= Description of the task =
From the entries below, reproduce exactly the lines from the one with "1F 女性用トイレ入り口まわり" through the one with "2019年7月6日，壹基金能", both included, without images.

= Dataset excerpts =
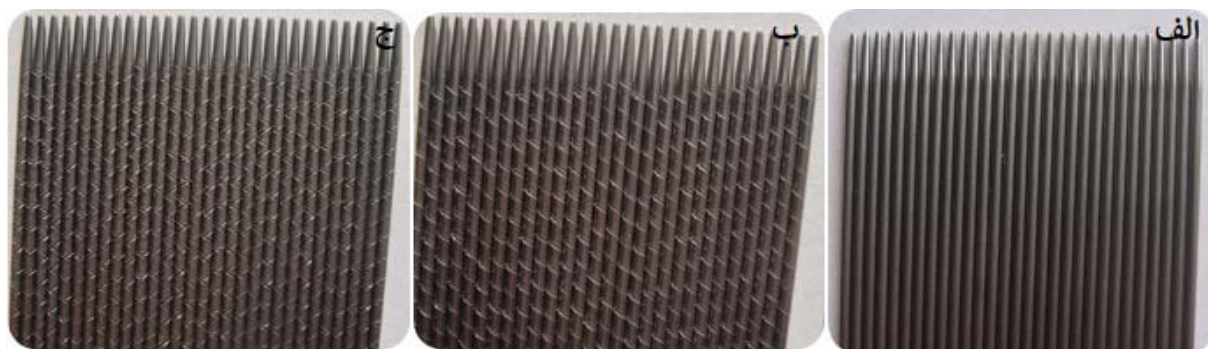
شکل ۲: شانه‌های استیل مخصوص ضد شپش؛ الف) Plain needle، ب) Screw needle و ج) Double strip needle

۳. لوسیون لیندان: این دارو به‌طور مستقیم توسط انگل‌ها و تخم‌ها جذب می‌شود، سیستم عصبی را تحریک می‌کند و باعث تشنج و مرگ سلول‌های انگلی می‌شود. ۱۳ در منابع، استفاده‌ی موضعی از لیندان به دلیل عوارض جانبی، دیگر جایگاهی ندارد؛ با این وجود لوسیون لیندان با ماده‌ی مؤثره‌ی گاما بنزن هگزا کلراید در حجم‌های ۶۰ سی‌سی به بازار عرضه می‌شود و البته این محصول دارای شانه نیست.
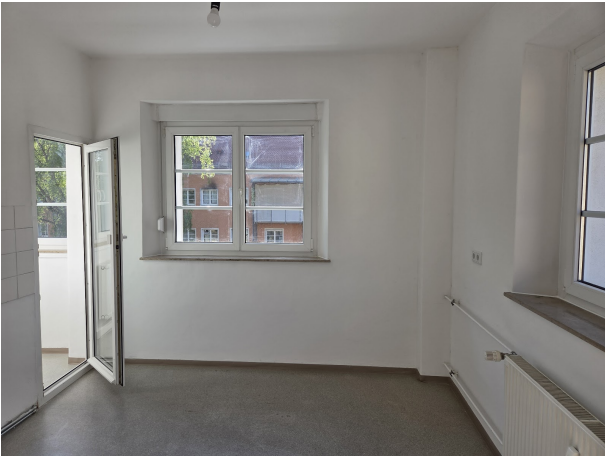
Z 11 A
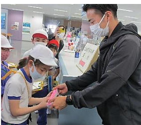
地域防災課より防犯用品のプレゼント

説明を聞きながらしっかりメモを取って学びを深めている子どもたちの姿が大変立派でした。
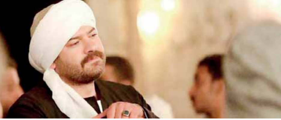
عمرو يوسف فى مشهد عن مسلسل «طابع، الذى يتناول تجارة الأثار

الفرعونية. وأكد أن مسلسل «طابع» للفنان عمرو يوسف المذاع عبر فضائية «أون تي في» يدين لفكرة سرقة الأثار والتقيب عنها ويبيها إلى المتاحف العالمية وخرجها من مصر في القبع الدبلوماسية ما يشكل خطراً على الحضارة المصرية والآثار باعتبارها من قومي، وأشار إلى أن السخرية فى المسلسلات وصلت إلى المساس بالبرديات التي بها كل أسرار العلوم من فلك وكيمياء وطب وهندسة أن يقال عليها انها أوراق مناديل. وقال ان الأعمال الدرامية هذا العام التي تنتدح تحت قائمة الأعمال الكوميدية خالية من الضحك وروح البداية وفيها الكثير من الإسفاف الذى وصل إلى السخرية من آثار مصر والتعريض على التقيب وتجارة الأثار.
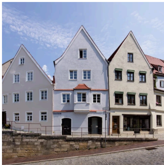
Von Helfensteingasse Landsberg am Lech

Technisches Merkblatt KEIM GRANITAL®-GROB
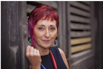
Copy- Pau Sanclemente.

Elia Barceló (Elda, Alicante, 1957) es una autora con varios best sellers internacionales en su haber. El secreto del orfebre ha sido traducido a once idiomas. El vuelo del Hipogrifo , Disfraces terribles y Las largas sombras – también éxitos en el extranjero- combinan elementos de la novela de misterio y del género negro con historias realistas. Esta mezcla de géneros, combinada con un exquisito trabajo de ambientación histórica y creación de personajes, es su marca de fábrica.
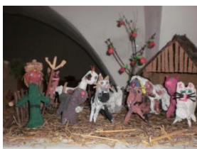
Obrázek 28 Betlém

1. Stavba betléma z lepenkové krabice a dřívěk, kůry, sena a slámy. Podkladem pro betlém byla dřevěná překližka. Zvířátka: tělo – rulička od toaletního papíru, kašírování (staré noviny, lepidlo na tapety); končetiny – špejle, kašírování; detaily ze zbytků barevného papíru. Postavy: tělo z cívek od nití, obličej kašírovaný (smačkaný papír do kuličky), malba temperovými barvami. (Obrázek 28)
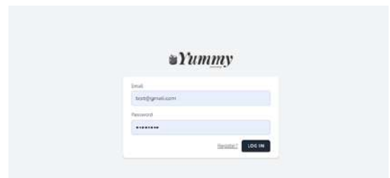
Gambar 1. Halaman Login

Tahap implementasi merupakan tahap dimana proses membangun sistem akan dilaksanakan sesuai dengan rancangan dan desain yang telah dibuat. Tampilan implementasi desain pada website terdapat pada gambar 1 yang menampilkan halaman utama yaitu login bagi yang telah memiliki akun.
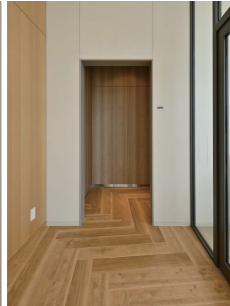
1F 女性用トイレ入り口まわり
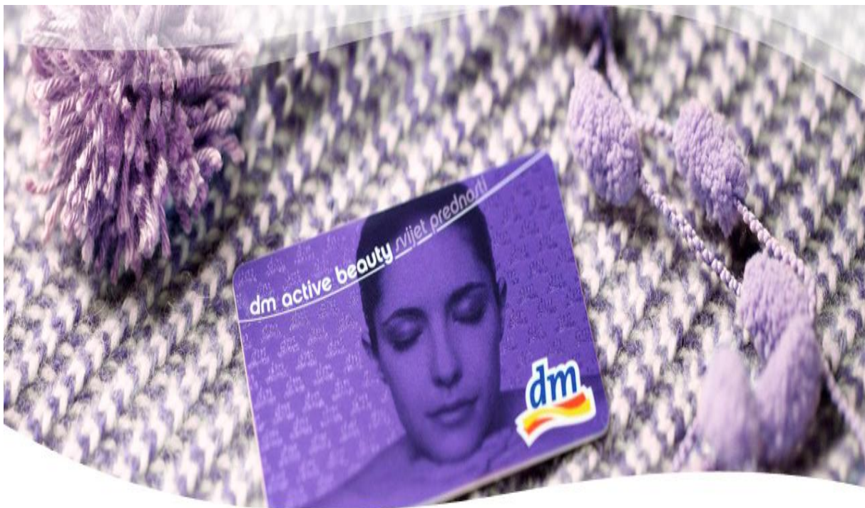
Slika 5: Prikaz dm active beauty kartice
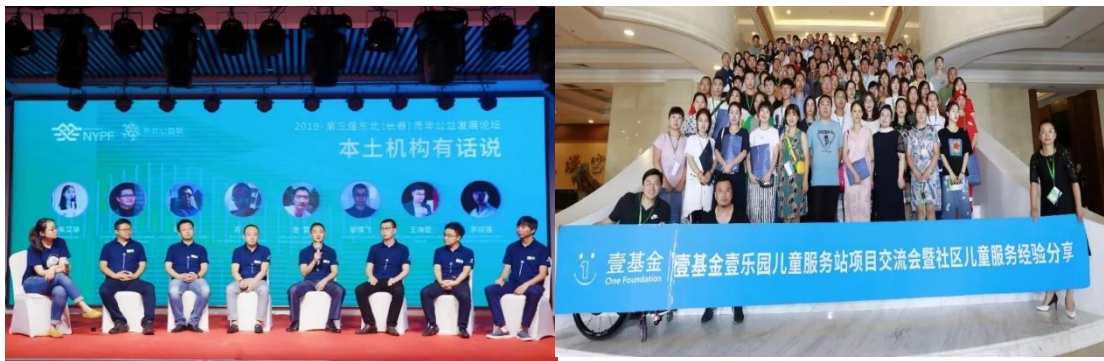
（上图：东三省论坛分享现场）

2019年7月6日，壹基金能力建设项目吉林伙伴在吉林长春举办第三届东北（长春）青年公益发展论坛，本论坛共有东北地区三省161家机构，220位公益组织伙伴参与。论坛会分主论坛和平行论坛，主论坛上就区域链接与本土融通创新、基金会视角看东北儿童项目发展、助力草根公益成长、筹款人的自我修养、县域社会组织助推公益事业的本土化和持续化发展等议题进行了探讨。平行论坛议题主要围绕“项目背景下的儿童伤害预防与保护、东北公益组织的成长，公益组织能力建设、信息化工具应对项目财务审批、盘活有限资源设计o2o筹款活动等议题进行探讨。
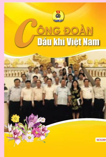
Thủ tướng Nguyễn Xuân Phúc với tập thể lãnh đạo PVN và các đơn vị Thành viên sau buổi làm việc ngày 12-10-2017
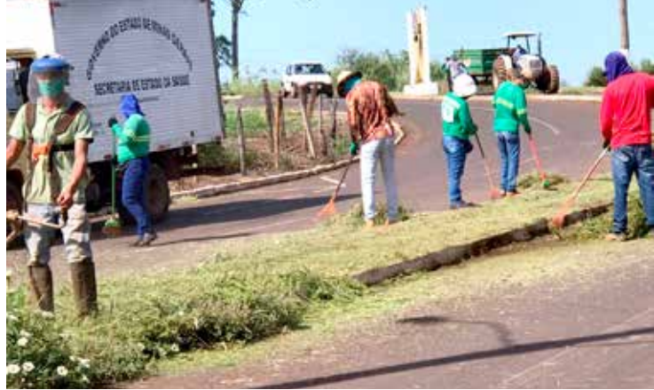
Equipes de Limpeza Urbana trabalhando para manutenção das vias públicas
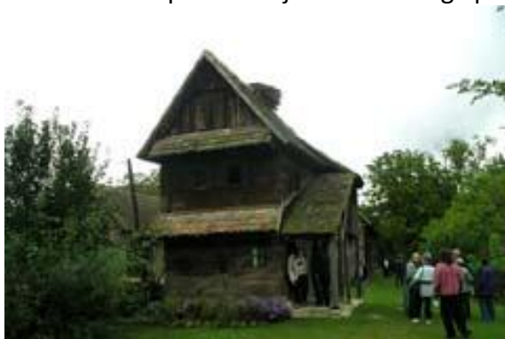
Lonjsko polje, Čigoč

Turistični izlet po območju Nacionalnega parka.
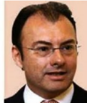
Luis Videgaray Cargo: Secretario de Hacienda y Crédito Público
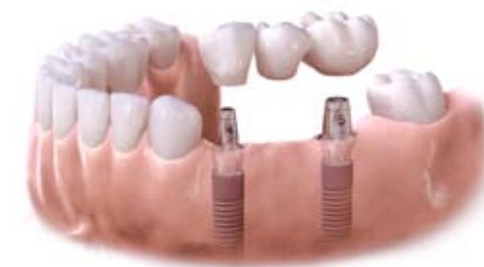
Most na implantach dentystycznych
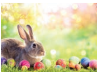
Konkurs na „KARTKĘ WIELKANOCNĄ” – strona 14
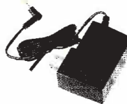
充電器用ACアダプタ SK-P55
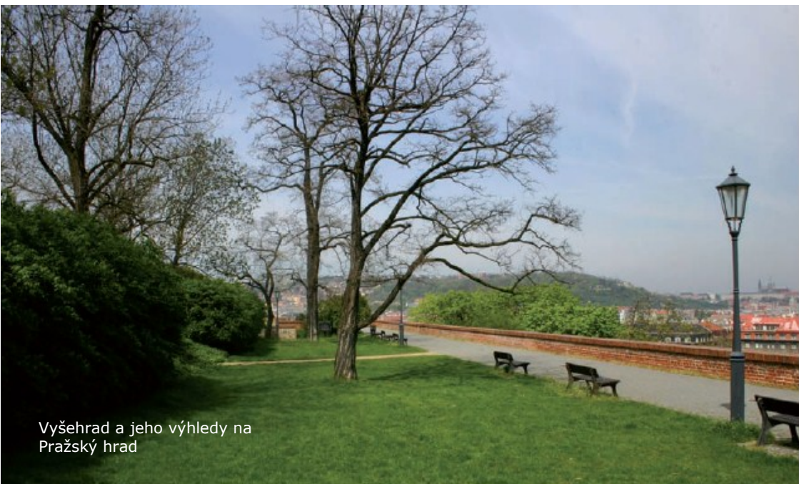
Vyšehrad a jeho výhledy na Pražský hrad

Naší první procházku zahájíme u výjezdu z metra trasy C Vyšehrad, kde se hned na počátku cesty můžete zastavit na krátkém občerstvení v Café Vyšehrad. Restaurace je bezproblémově bezbariérově přístupná i s prostornou bezbariérovou toaletou v těsné blízkosti. Z tohoto místa vyjedeme po nájezdové rampě těsně u výstupu z metra a vydáme se podél zdi ochozu Kongresového paláce lehce z kopce pozvolnou asfaltovou cestou k ulici Na Bučance. Ulici můžeme vzhledem ke slabé dopravě, která zde panuje projet, jak po chodníku, tak po silnici. Za chvíli před sebou uvidíme bránu Vyšehradské pevnosti. Zde nás očekává první malé úskalí naší cesty, které většina z vás jistě dobře zná a tím je malá křižovatka před námi, která je vybudována z velkých kostek tzv. kočičích hlav, které mohou při troše nepozornosti značně poškodit přední kolečka mechanických vozíků. Po
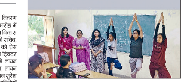
इंटरशिप के दौरान सीखी गई गतिविधियों का निरीक्षण करती प्राचार्य।

उचाना। रजबाहा रोड पर उचाना मंडल के पदाधिकारियों की मीटिंग हुई। मुख्य अतिथि के तौर पर माजपा विधायक देवेन्द्र चतर्भुज अत्री पहुंचे। रविवार को उचाना इलके के सभी चारों मंडलों में अलग-अलग पदाधिकारियों की मीटिंग हुई। यहां पहुंचने पर विधायक का स्वागत किया गया। पत्रकार वार्ता में विधायक ने कहा कि माजपा संगठनात्मक मीटिंग थी। वार्ता में मुख्य विधायक, अलग-अलग मंडलों में मीटिंग हुई है। अब तक केन्द्र प्रदेश सरकार द्वारा कार्य किए गये हैं उनके बारे में बताया गया है ताकि बूथ स्तर पर हर दर जाकर सरकार के ऐतिहासिक कामों को बता सकें। आईएमटी की घोषणा को लेकर विधायक ने कहा कि आईएमटी का आना हमारे लिए आना बहुत बड़ा ऐतिहासिक काम है। आईएमटी को जो उचाना इलके को लेनाका चौम नायब सिंह सेनी ने दिया है इससे बड़ा कोई ऐतिहासिक काम हो नहीं सकता है।
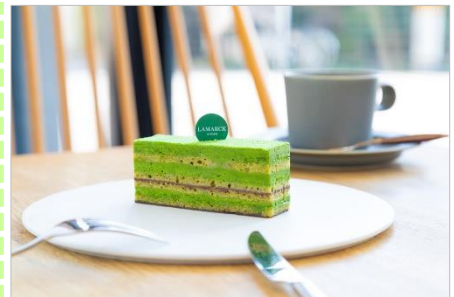
<ラマルクの抹茶のオペラケーキ>

商品名 : ことりっぷ プチチョコパイ <ラマルクの抹茶のオペラケーキ> 発売日 : 2021年2月2日(火) 発売地区 : 全国 内容量 : 8個 価格 : オープン価格 (想定小売価格 250円前後〔税抜〕)
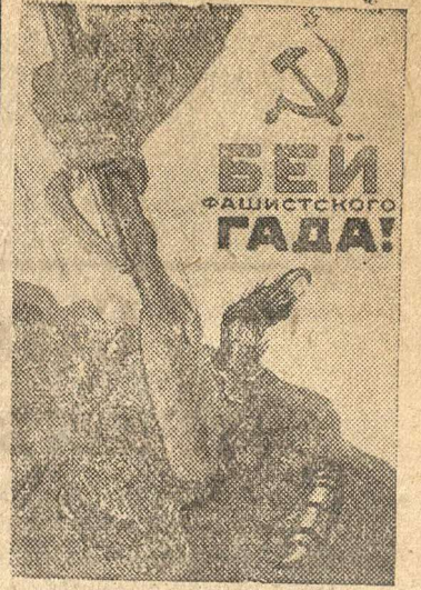
Рисунок художника Кокорекина

(Репродукция с плаката, выпущенного издательством «Искусство»).
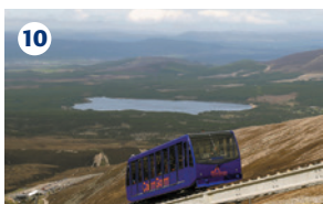
10 FUNICOLARE DEI MONTI CAIRNGORM Linea di montagna funzionante tutto l'anno, arrivando a 150 metri sotto la cima delle montagne Cairngorm. La più alta e più veloce del Regno Unito. Negozio, ristorante ed esposizioni relative alle montagne.
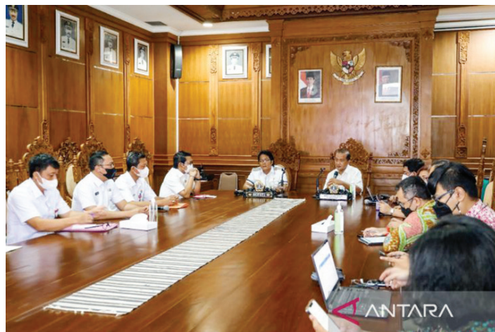
Bupati Badung I Nyoman Giri Prasta (tengah).

“Kami berharap proyek KPBU jalan lingkar selatan di Badung dapat segera terwujud sehingga
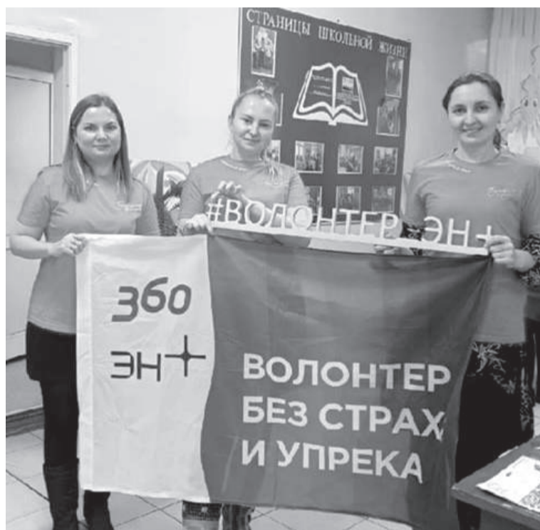
Коллеги – участники волонтерской акции
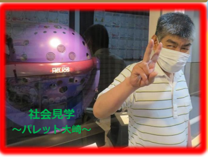
社会見学 ～パレット大崎～
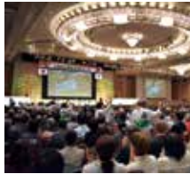
民生音頭「愛の小鳩」

宮崎大会は平成5年以來31年ぶりの開催であり、県内全市町村の代表者による実行委員会を準備を進めてきました。県内民生委員・児童委員と関係者で参加者を精一杯歓迎しました。
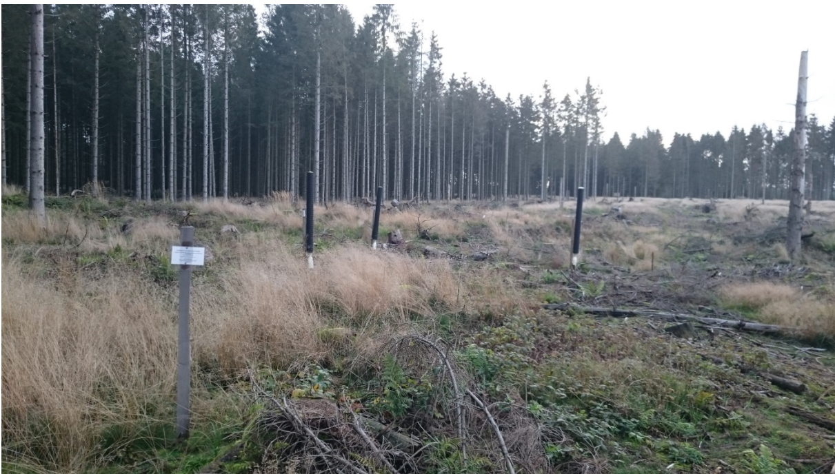
Figur 2. Tre steder i landet blev flyvningen af typograf fulgt ved fangst i tre feromonfælder. Her i Bommerlund plantage i Sønderjylland.
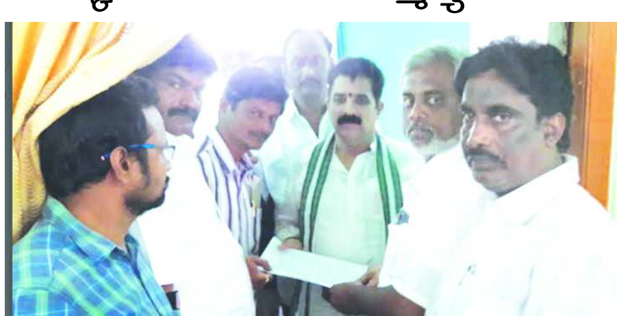
ఎమ్మెల్యే ధర్మశ్రీకి వినతిపత్రం అందిస్తున్న మీ సేవ నిర్వాహకులు

చోడవరం : పట్టణంలోని మీ సేవా కేంద్రాల నిర్వాహకుల సమస్యలు పరిష్కరించాలంటూ చోడవరం నియోజకవర్గంలోని మీ సేవా కేంద్రం ఆపరేటర్లు స్థానిక ఎమ్మెల్యే కరణం ధర్మశ్రీకి గురువారం వినతి పత్రం అందజేశారు. ప్రభుత్వ సేవలు, ప్రజలకు సేవలు అందించే ముఖ్య ఉద్దేశ్యంతో అప్పటి దివంగత ముఖ్యమంత్రి వై.యస్.రాజేశ్వర్ రెడ్డి మీ సేవలు ఏర్పాటు చేయడం జరిగిందని, వీటిని ఆధారంగా లక్షలాది కుటుంబాలు ఉపాధి పొందుతూ ప్రజలకు సేవలు అందిస్తున్నాయని, అయితే ప్రస్తుత ప్రభుత్వం గ్రామ సచివాలయాలు ఏర్పాటు చేయడం ద్వారా మీ సేవ కేంద్రాల నిర్వాహకుల కమిషన్ ఆదాయంపై ప్రభావం పడే అవకాశమందనని, ముఖ్యమంత్రి జగన్మోహన్ రెడ్డి డీనిని పరిశీలించి గ్రామ సచివాలయాల నియామకాలలో ఉద్యోగం కల్పించాలని ఎమ్మెల్యేను కోరారు. ఈ కార్యక్రమంలో ఉపాధ్యక్షులు శ్రీనివాస్ తదితరులు పాల్గొన్నారు.
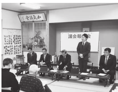
議会報告会の様子(会場：美原町公民館)

= Task response =
1F 女性用トイレ入り口まわり
Slika 5: Prikaz dm active beauty kartice
（上图：东三省论坛分享现场）

2019年7月6日，壹基金能力建设项目吉林伙伴在吉林长春举办第三届东北（长春）青年公益发展论坛，本论坛共有东北地区三省161家机构，220位公益组织伙伴参与。论坛会分主论坛和平行论坛，主论坛上就区域链接与本土融通创新、基金会视角看东北儿童项目发展、助力草根公益成长、筹款人的自我修养、县域社会组织助推公益事业的本土化和持续化发展等议题进行了探讨。平行论坛议题主要围绕“项目背景下的儿童伤害预防与保护、东北公益组织的成长，公益组织能力建设、信息化工具应对项目财务审批、盘活有限资源设计o2o筹款活动等议题进行探讨。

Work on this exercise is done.